◆ **Try it**: Please give back, exactly as written, only the line containing "Результаты оценки качества" and every line after it until the data below ends.

◆ **Extracted information**:
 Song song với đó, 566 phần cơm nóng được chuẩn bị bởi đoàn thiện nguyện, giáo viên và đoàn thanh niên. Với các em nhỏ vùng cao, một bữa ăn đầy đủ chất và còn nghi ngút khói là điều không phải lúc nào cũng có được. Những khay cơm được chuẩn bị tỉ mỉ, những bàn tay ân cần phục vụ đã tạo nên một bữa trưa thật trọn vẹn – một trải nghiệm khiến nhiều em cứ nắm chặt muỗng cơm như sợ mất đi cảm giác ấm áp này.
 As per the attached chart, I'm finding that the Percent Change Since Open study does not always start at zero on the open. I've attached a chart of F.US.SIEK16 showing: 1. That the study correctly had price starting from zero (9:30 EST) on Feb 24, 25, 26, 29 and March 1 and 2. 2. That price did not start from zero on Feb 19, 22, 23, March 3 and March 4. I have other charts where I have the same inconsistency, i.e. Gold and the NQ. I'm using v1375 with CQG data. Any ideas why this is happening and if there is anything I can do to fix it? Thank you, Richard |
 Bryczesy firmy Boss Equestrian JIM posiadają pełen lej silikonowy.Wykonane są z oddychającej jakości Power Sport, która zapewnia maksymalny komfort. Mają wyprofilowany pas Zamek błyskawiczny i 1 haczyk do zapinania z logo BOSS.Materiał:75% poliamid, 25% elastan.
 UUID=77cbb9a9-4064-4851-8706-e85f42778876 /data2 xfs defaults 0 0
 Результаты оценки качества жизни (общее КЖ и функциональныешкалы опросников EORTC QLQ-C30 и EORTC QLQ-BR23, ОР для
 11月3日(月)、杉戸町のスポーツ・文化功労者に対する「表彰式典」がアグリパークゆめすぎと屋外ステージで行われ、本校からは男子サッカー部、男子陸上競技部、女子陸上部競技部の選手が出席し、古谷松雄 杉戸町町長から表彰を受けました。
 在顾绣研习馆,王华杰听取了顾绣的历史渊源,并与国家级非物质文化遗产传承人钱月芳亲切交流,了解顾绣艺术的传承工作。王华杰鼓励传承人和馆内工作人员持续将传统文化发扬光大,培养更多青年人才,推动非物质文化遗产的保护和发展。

◆ **Task output**:
 Результаты оценки качества жизни (общее КЖ и функциональныешкалы опросников EORTC QLQ-C30 и EORTC QLQ-BR23, ОР для
 11月3日(月)、杉戸町のスポーツ・文化功労者に対する「表彰式典」がアグリパークゆめすぎと屋外ステージで行われ、本校からは男子サッカー部、男子陸上競技部、女子陸上部競技部の選手が出席し、古谷松雄 杉戸町町長から表彰を受けました。
 在顾绣研习馆,王华杰听取了顾绣的历史渊源,并与国家级非物质文化遗产传承人钱月芳亲切交流,了解顾绣艺术的传承工作。王华杰鼓励传承人和馆内工作人员持续将传统文化发扬光大,培养更多青年人才,推动非物质文化遗产的保护和发展。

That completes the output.